From what you said about the bike having an ICM, I take it that the bike is not FI. Is that correct?
In entry point 1- step # 8 of this thread, you said the CPS & ICM was replaced, and no dice. Does that mean that those 2 parts were replaced and the bike still failed once again? If that is True, because the bike continued to fail, were the old/original parts once again put back into the bike? At this time are the original parts installed in the bike?
Also, were these replacement parts "used but good" and not brand new? I can't imagine they were brand new parts since they was a "no charge" attached to them.
So this bike has a carburetor, and is using a standard factory ignition system and coil.

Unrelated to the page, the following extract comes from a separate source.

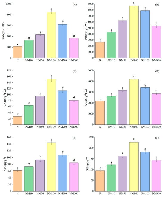 Effects of Exogenous melatonin (MT) on Antioxidant Enzyme Activities of Maize Seedlings under NaCl stress. The error lines in the figure represent the standard deviation (SD) based on three replicates (n = 3). Different letters indicate the significant difference among different treatments at the significant level of p < 0.05, as determined by one-way ANOVA. (A) SOD: superoxide dismutase; (B) POD: peroxidase; (C) CAT: catalase; (D) APX: ascorbate peroxidase; (E) AsA: ascorbic acid; (F) GSH: glutathione; N: NaCl; NM10: 150 mmol NaCl + 10 µM MT; NM50: 150 mmol NaCl + 50 µM MT; NM100: 150 mmol NaCl + 100 µM MT; NM200: 150 mmol NaCl + 200 µM MT; NM300: 150 mmol NaCl + 300 µM MT.

It doesn't have any electrical mods, add on toggle switches or power jacks and for the most part is factory stock.
 
The bike is carb'd. The replacement parts are brand new. They are still in the bike. I wasn't charged because that is the kind of guy my mechanic is. He isn't going to charge me for a problem he hasn't fixed. At most, he asks me to help him out around the shop or to bring him some beer.
 
Ok...
Remove the seat and locate the ICM. There should be two connectors (1 gray & 1 black) going to the ICM. Each connector has 12 positions which may not be fully populated.
Black connector wire position # 10 should be a Green w/ gray wire. If it is, continue. (If not reply to thread).

With the engine running, take your voltmeter and measure the voltage on the Green/gray wire (backprobe connector) using frame ground or battery negative as reference. Record the voltage you measured.

Now turn off the engine, and unplug both connectors going to the ICM. Turn ON the ignition key and with the grip Run/kill switch to RUN, once again measure the voltage on the green/gray wire (only this time both ICM connectors are unplugged from the ICM). Record the voltage you measured.

What are the values you measured.
 
We've got the tank and back tire off going through the wiring, so it might be a day or two before I can try this test. What is it exactly that you have me testing for and what results should I be looking for?